__Task goal__
All lines from the top of the records below through the line holding "Vivienne Westwood Pink", and only those, should be printed exactly, minus the pictures.

-- Extracted data follows --

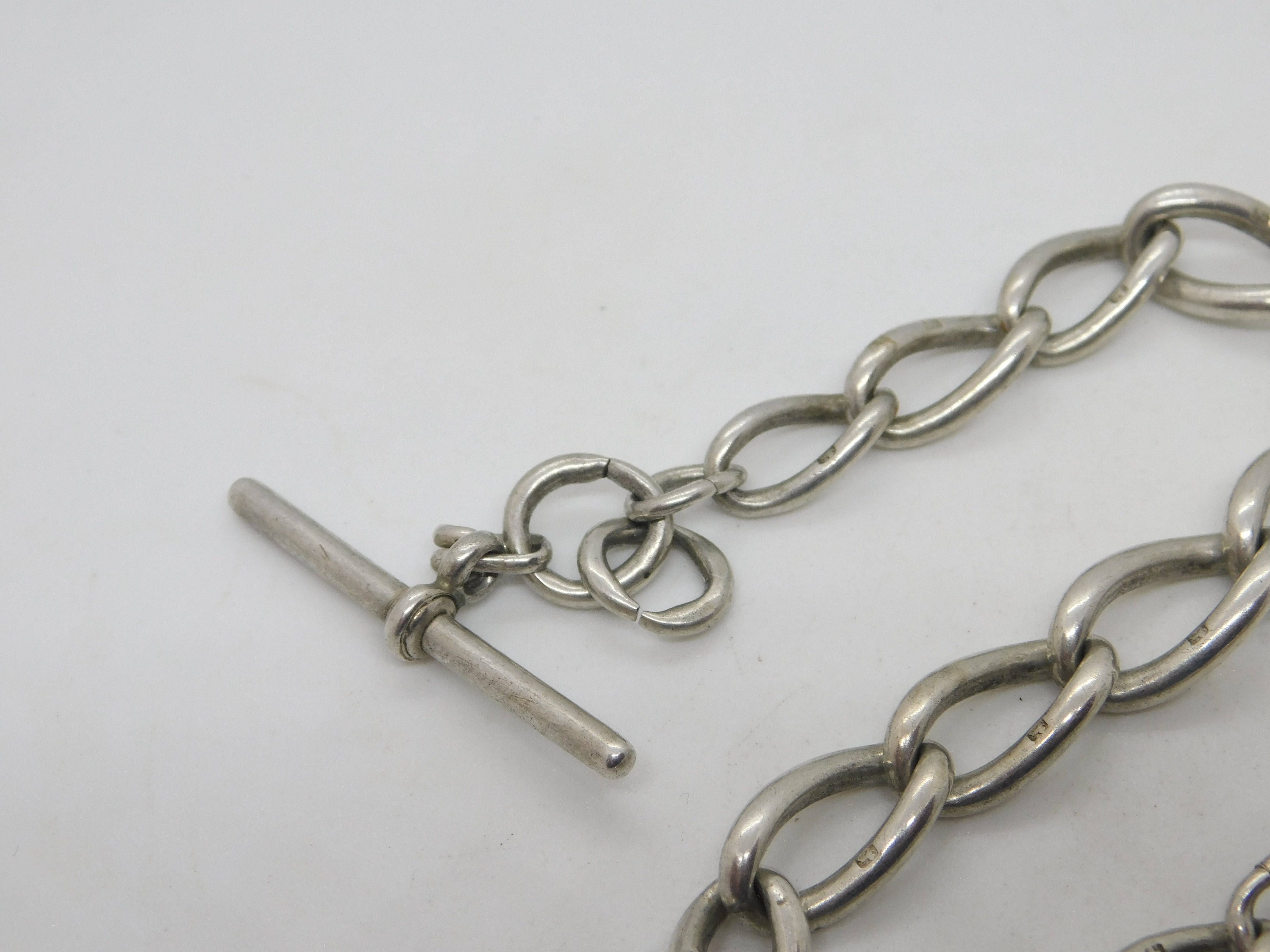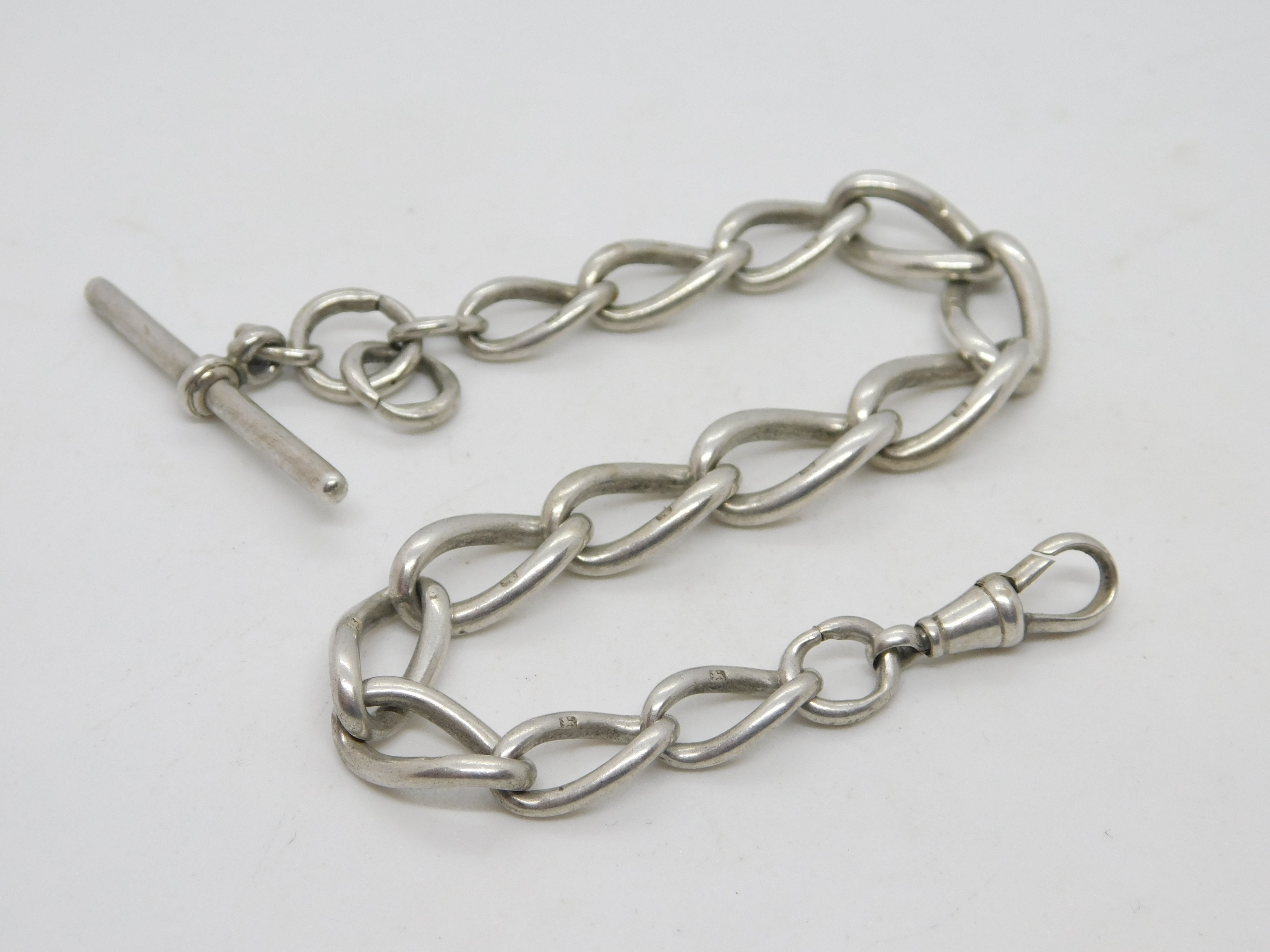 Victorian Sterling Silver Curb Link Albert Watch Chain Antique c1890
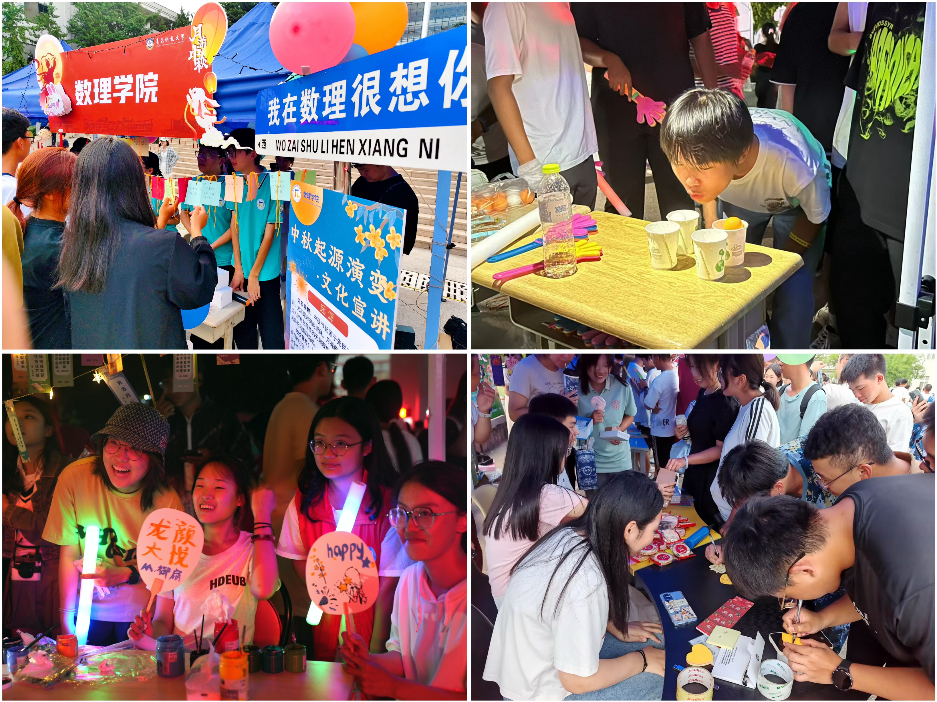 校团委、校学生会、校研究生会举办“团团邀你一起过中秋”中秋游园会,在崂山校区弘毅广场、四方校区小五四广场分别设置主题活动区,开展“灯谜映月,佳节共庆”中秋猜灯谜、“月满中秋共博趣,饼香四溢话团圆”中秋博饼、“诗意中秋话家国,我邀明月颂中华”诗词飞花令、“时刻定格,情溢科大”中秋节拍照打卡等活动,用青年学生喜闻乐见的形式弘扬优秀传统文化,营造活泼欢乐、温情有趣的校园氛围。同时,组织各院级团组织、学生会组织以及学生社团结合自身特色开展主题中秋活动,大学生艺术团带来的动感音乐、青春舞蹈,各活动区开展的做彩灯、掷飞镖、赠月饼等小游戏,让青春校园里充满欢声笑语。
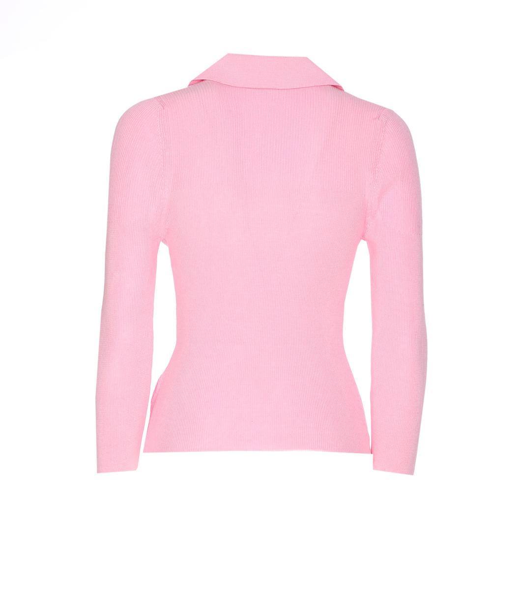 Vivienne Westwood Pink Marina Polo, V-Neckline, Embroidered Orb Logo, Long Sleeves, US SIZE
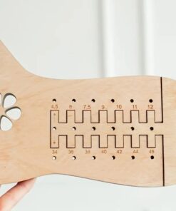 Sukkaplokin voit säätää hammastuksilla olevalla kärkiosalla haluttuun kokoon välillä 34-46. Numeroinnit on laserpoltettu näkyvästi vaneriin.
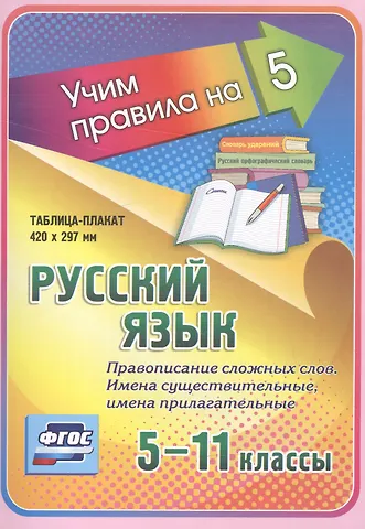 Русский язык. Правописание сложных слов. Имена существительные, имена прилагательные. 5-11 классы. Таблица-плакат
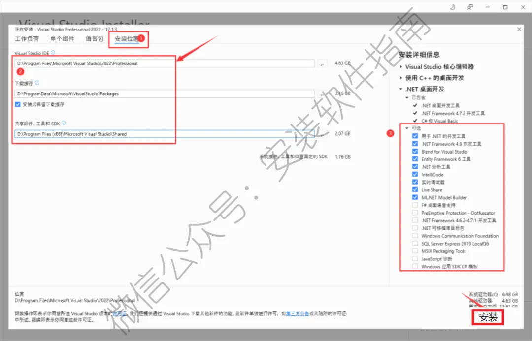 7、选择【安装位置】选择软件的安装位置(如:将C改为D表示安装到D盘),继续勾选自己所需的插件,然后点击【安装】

-- Extracted data concluded --

__Output__
 Victorian Sterling Silver Curb Link Albert Watch Chain Antique c1890
 校团委、校学生会、校研究生会举办“团团邀你一起过中秋”中秋游园会,在崂山校区弘毅广场、四方校区小五四广场分别设置主题活动区,开展“灯谜映月,佳节共庆”中秋猜灯谜、“月满中秋共博趣,饼香四溢话团圆”中秋博饼、“诗意中秋话家国,我邀明月颂中华”诗词飞花令、“时刻定格,情溢科大”中秋节拍照打卡等活动,用青年学生喜闻乐见的形式弘扬优秀传统文化,营造活泼欢乐、温情有趣的校园氛围。同时,组织各院级团组织、学生会组织以及学生社团结合自身特色开展主题中秋活动,大学生艺术团带来的动感音乐、青春舞蹈,各活动区开展的做彩灯、掷飞镖、赠月饼等小游戏,让青春校园里充满欢声笑语。
 Vivienne Westwood Pink Marina Polo, V-Neckline, Embroidered Orb Logo, Long Sleeves, US SIZE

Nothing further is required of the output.